As demonstrated in Equation (1), Accuracy provides the ratio of correctly identified instances to the total number of instances in the dataset. The Precision shown in Equation (2) represents the ratio of correctly predicted positive instances to the total number of positive predictions. On the other hand, Recall, which is also known as sensitivity, represents the ratio of the correctly predicted positive samples to the total number of positive samples in the dataset as presented in Equation (3). The F1-score given in Equation (4) is the harmonic mean of Precision and Recall and is the preferred metric in cases where the dataset is imbalanced. When aggregating the performance of multiple classes, the weighted F1-score shown in Equation (5) averages the F1-score of the classes by considering their distribution in the dataset. Thus, it assigns more weight to the majority class that has more instances. In Equation (5), Support_i is the number of true instances in class i. On the other hand, the Macro F1-score given in Equation (6) computes the average of F1-scores calculated for each class independently, treating each class equally regardless of the number of instances it contains.

Using the F1-score, Macro F1-score, and weighted-average F1-score provides a comprehensive evaluation of classifier performance. The F1-score is useful for assessing the balance between Precision and Recall for individual classes. The Macro F1-score gives equal importance to all classes, which is valuable when dealing with imbalanced datasets.
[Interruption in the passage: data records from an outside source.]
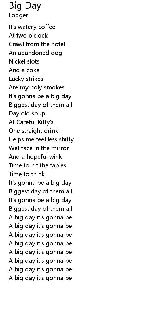 | A big day it's gonna be | |
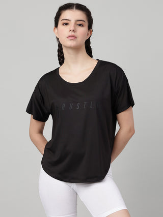 HUSTLE WOMEN BLACK DRI-FIT RELAXED FIT T-SHIRT
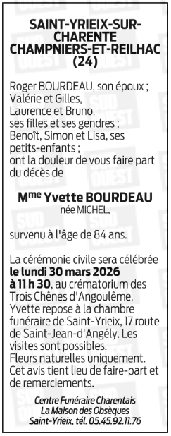 de Madame Yvette BOURDEAU née MICHEL
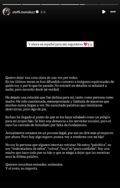 "He dejado una relación que fue dañina para mí, tanto como persona como madre. He sido cuestionada, menospreciada y limitada de maneras que muchos nunca llegan a ver. He escuchado palabras que intentaron destruirme, pero sigo de pie", agregó.
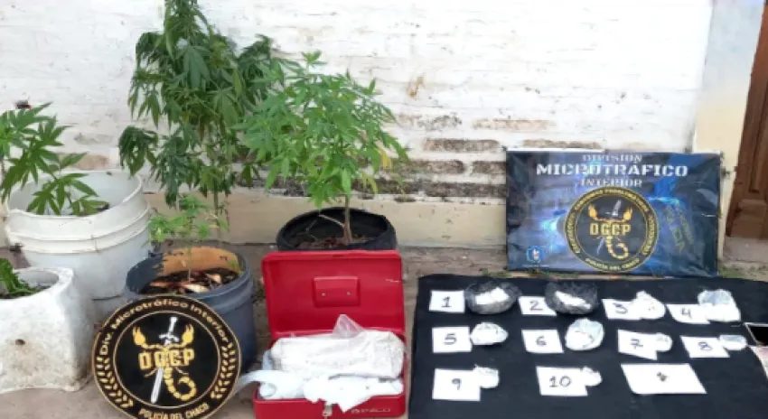 En otro sector de la casa, encontraron 5 plantas cannabis sativa, una balanza de precisión y un teléfono celular.
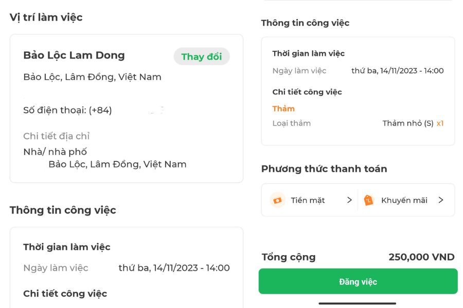 - Bước 6: Kiểm tra lại các thông tin đã nhập để đảm bảo chính xác, sau đó chọn phương thức thanh toán và nhấn chọn Đăng việc.
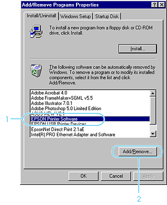 | Select the EPSON Printer Software, then click Add/Remove. |
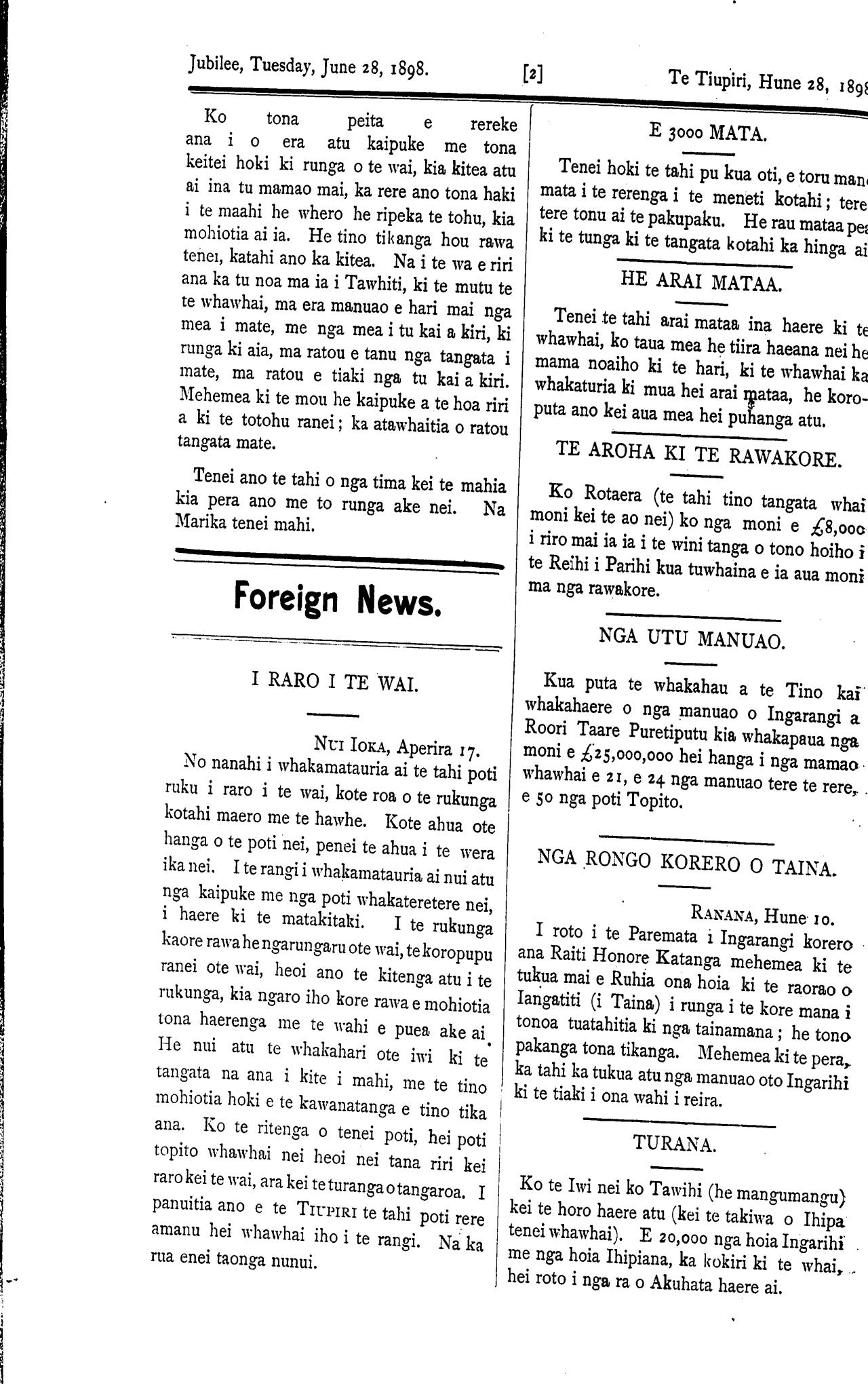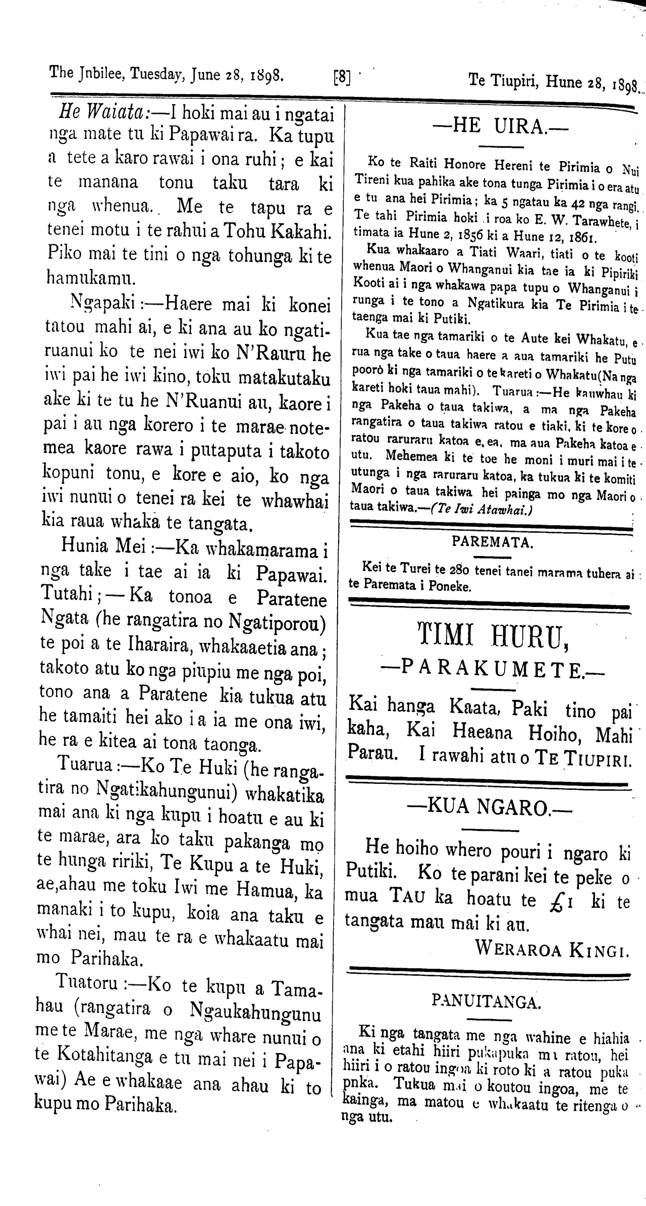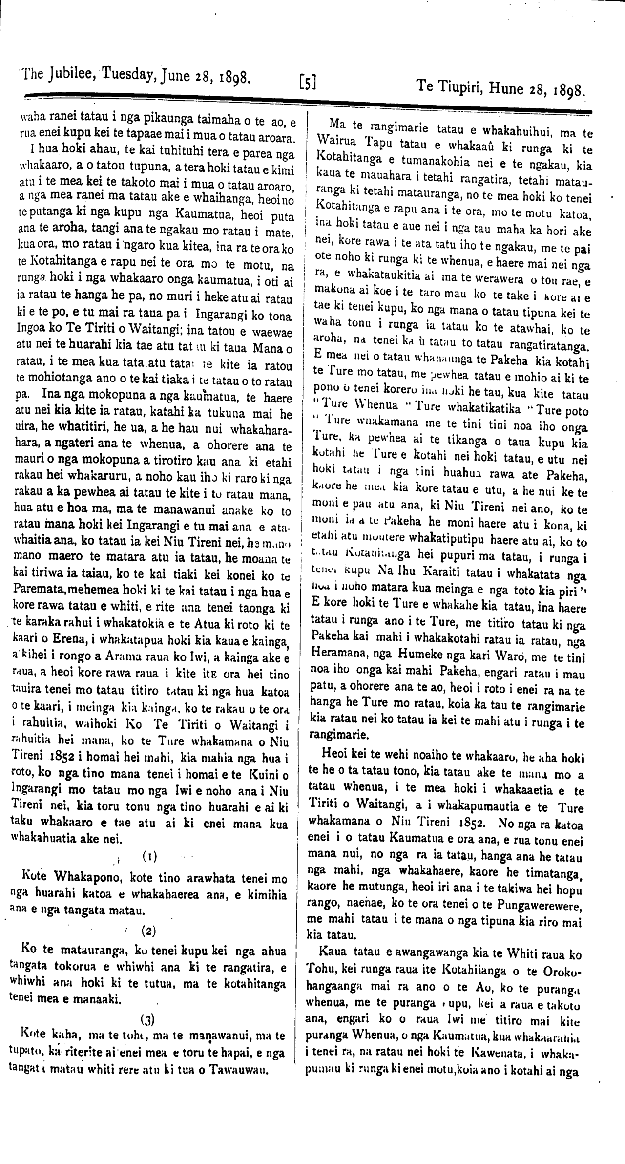 The Jubilee, Tuesday, June 28, 1898. [8] Te Tiupiri, Hune 28, 1898,
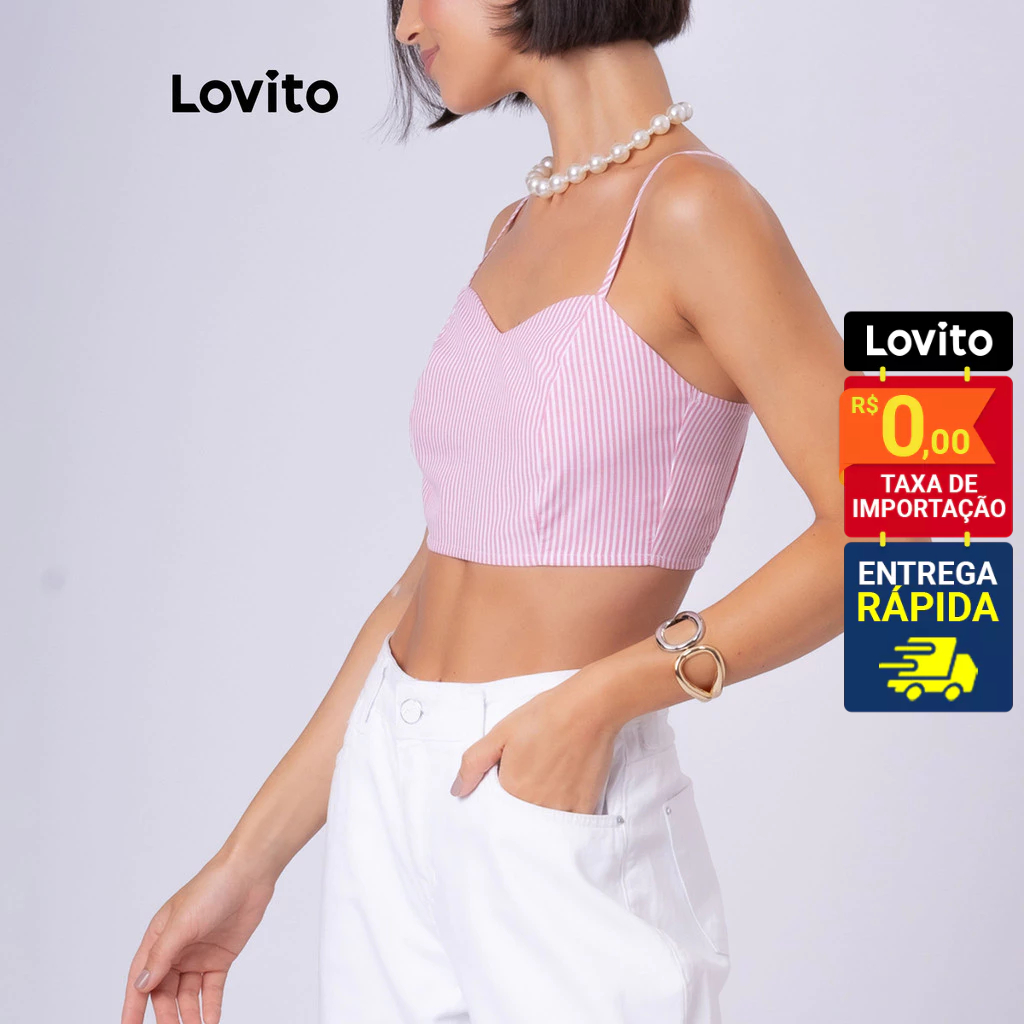 Lovito Top Regata Feminina Alça Fina Listrada LB337BRL366

The weighted-average F1-score, in contrast, considers the size of each class and hence ensures that the classes influence the overall score in proportion to their occurrence. Therefore, for imbalanced datasets, where the minority class is the target, the Macro F1-score is more suitable. Unless stated otherwise, the term F1-score refers to the Macro F1-score when discussing our experimental results.

4. Experimental Results and Discussion

4.1. Feature Analysis of the Dataset

In order to answer RQ1, we studied the contribution of each feature to classifier performance. It should be noted that due to the nature of the dropout prediction task that requires timely results, the current study employed only a limited set of demographic and educational features available on the student record sheets.

Feature importance is a technique used to understand the importance or contribution of a feature to the prediction of a given model. A feature importance graph presents the relative contribution of each feature to the classification process, thereby enabling the evaluation of which features are crucial for the performance of the underlying machine learning algorithm.

4.1.1. Feature Importance Analysis for the Random Forest Classifier

It can be seen in Figure 2 that the number of courses a student passed at the end of the second semester is significantly more important than the other features for increasing the classification performance of the RF classifier. This is followed by the number of courses passed at the end of the first semester. The total number of courses failed by students at the end of the first semester and the second semester, respectively, follow in importance. Figure 2 shows a gradual decline in the importance of the remaining features, with registration year, semester, and scholarship rate showing negligible contributions to prediction Accuracy.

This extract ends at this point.